Search engine processing step

Query understanding is the process of inferring the intent of a search engine user by extracting semantic meaning from the searcher’s keywords. Query understanding methods generally take place before the search engine retrieves and ranks results. It is related to natural language processing but specifically focused on the understanding of search queries.

==Methods==

===Stemming and lemmatization===
Many languages inflect words to reflect their role in the utterance they appear in. The variation between various forms of a word is likely to be of little importance for the relatively coarse-grained model of meaning involved in a retrieval system, and for this reason the task of conflating the various forms of a word is a potentially useful technique to increase recall of a retrieval system.

Stemming algorithms, also known as stemmers, typically use a collection of simple rules to remove suffixes intended to model the language’s inflection rules.

For some languages, there are simple lemmatisation methods to reduce a word in query to its lemma or root form or its stem; for others, this operation involves non-trivial string processing and may require recognizing the word's part of speech or referencing a lexical database.

The effectiveness of stemming and lemmatization varies across languages.

===Query Segmentation===

Query segmentation is a key component of query understanding, aiming to divide a query into meaningful segments. Traditional approaches, such as the bag-of-words model, treat individual words as independent units, which can limit interpretative accuracy.
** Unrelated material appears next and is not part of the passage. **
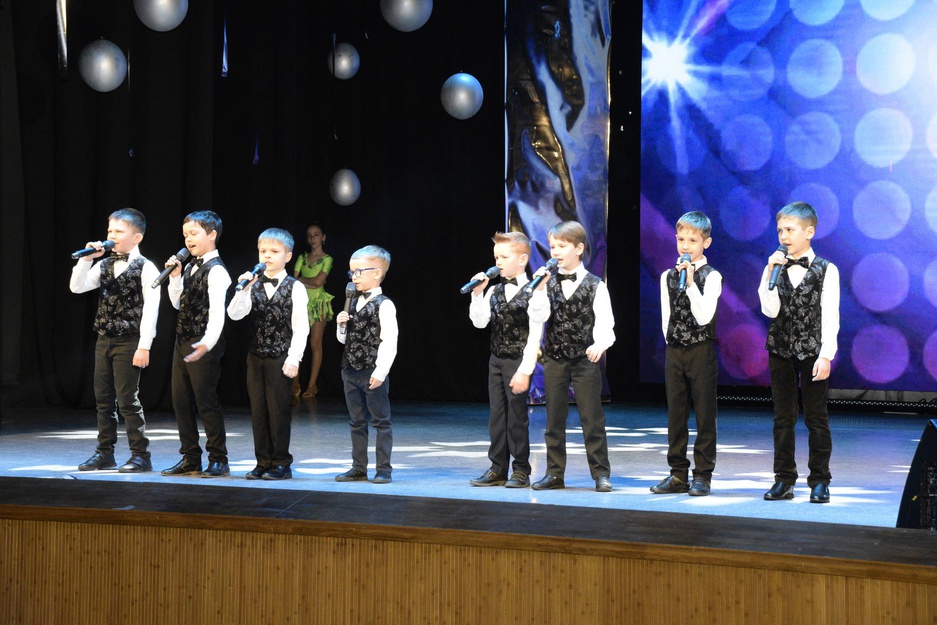 На большую сцену вышли участники сразу трех творческих коллективов! Мальчишки из студии эстрадного пения "Акцентик" как всегда покорили сердца женской половины зала. Веселые малыши "Бамбини" привнесли в концерт задорные песни про таксу, хомяков и единорожку. Яркостью костюмов, нежностью бальных танцев и зажигательными латиноамериканскими ритмами порадовали зрителей участники ансамбля бального танца Данс-класс.

For languages like Chinese, where words are not separated by spaces, segmentation is essential, as individual characters often lack standalone meaning. Even in English, the BOW model may not capture the full meaning, as certain phrases—such as "New York"—carry significance as a whole rather than as isolated terms. By identifying phrases or entities within queries, query segmentation enhances interpretation, enabling search engines to apply proximity and ordering constraints, ultimately improving search accuracy and user satisfaction.

===Entity recognition===

Entity recognition is the process of locating and classifying entities within a text string. Named-entity recognition specifically focuses on named entities, such as names of people, places, and organizations. In addition, entity recognition includes identifying concepts in queries that may be represented by multi-word phrases. Entity recognition systems typically use grammar-based linguistic techniques or statistical machine learning models.

===Query rewriting===

Query rewriting is the process of automatically reformulating a search query to more accurately capture its intent. Query expansion adds additional query terms, such as synonyms, in order to retrieve more documents and thereby increase recall. Query relaxation removes query terms to reduce the requirements for a document to match the query, thereby also increasing recall. Other forms of query rewriting, such as automatically converting consecutive query terms into phrases and restricting query terms to specific fields, aim to increase precision.

===Spelling Correction===

Automatic spelling correction is a critical feature of modern search engines, designed to address common spelling errors in user queries. Such errors are especially frequent as users often search for unfamiliar topics. By correcting misspelled queries, search engines enhance their understanding of user intent, thereby improving the relevance and quality of search results and overall user experience.